Yes, some crybaby progressives will whine and tweet until their thumbs fall off about how they’re not going to vote for Biden. And they can fuck themselves. Pandering to the most fickle of voters is never a good strategy. Half of those shitters didn’t even turn out for Bernie in the primary and would be the most unreliable voters in November even with Bernie as the nominee. Maybe they’ll vote, maybe they’ll stay home, maybe mommy will make them a hot pocket and they’ll smoke a bowl.
I’d also like to imply that you’re probably sexist. You bros are fine with a revolution as long as you get to be in charge, blacks and chics have their place and I’m sure you’ll get around to helping them any day now. I think that Bernie bros are Trump supporters with liberal arts degrees, you’re not angry at the injustice, you’re angry that now that it’s your turn, your white privilege doesn’t go as far as it used to.
I do NOT think OP is a troll, nor a racist, nor a closet Trumpist. I sympathize with him. I admire Bernie Sanders and admire many of the people who supported him.
OP is wrong on one essential point, however. D’s fell in line behind Biden for one simple reason: We think he has the highest chance of beating Trump.
Maybe we’re wrong. But please stop spinning an alternate reality in which some secret cabal would rather lose with Biden than win with Sanders. It makes you look stupid.
Very few of us blame Bernie when his dim-witted supporters turn against Biden. We blame the dim-witted supporters.

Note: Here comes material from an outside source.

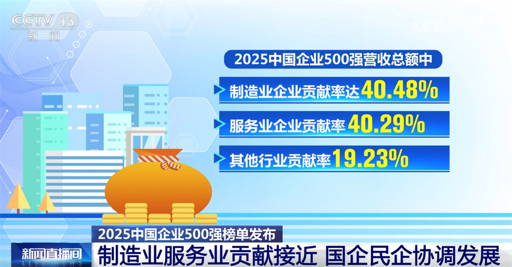 榜單數據顯示,2025中國企業500強營收總額中,製造業企業貢獻率達40.48%,服務業企業貢獻率40.29%,其他行業企業貢獻率19.23%,形成三大產業協同發展的良好態勢。專家指出,這種”四四二”的貢獻結構表明我國經濟轉型升級取得實質性進展,現代產業體系建設邁出新步伐。
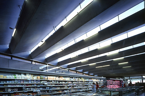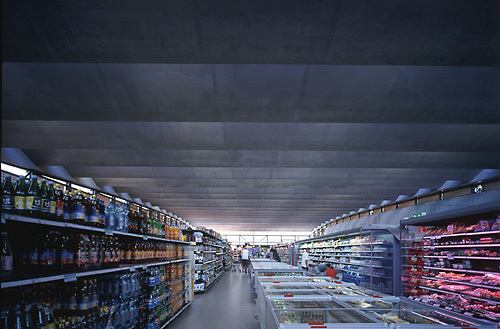 Ein Betonskelett überspannt in markantem Bogen die große Halle des Innenraums und mündet im Südwesten in einen offen Raumwinkel. Die shedartige Oberlichtkonstruktion holt eine Fülle an sonnenfreiem Zenitallicht in den Innenraum und ermöglicht von jedem Punkt des Marktes aus fragmentierte Aussichten auf die umgebende Bergwelt. An der Nordostseite des Gebäudes bietet eine Glasfläche zur Orientierung ungehinderte Aussicht auf die Nordkette und die Mieminger Berge.

As for your question: Why is this so complicated? Biden wants to row the boat, however slowly and incompetently, in the same direction as Bernie does. Trump and his cabal of evil-doers are rowing in the opposite direction as fast as they can. (They’ve already done huge damage. Another 4 years will end the America we loved.) How is it Biden’s fault — or the fault of us rational-thinking Americans — if dim-witted Bernie-brats don’t even understand which direction they want the boat to be rowed?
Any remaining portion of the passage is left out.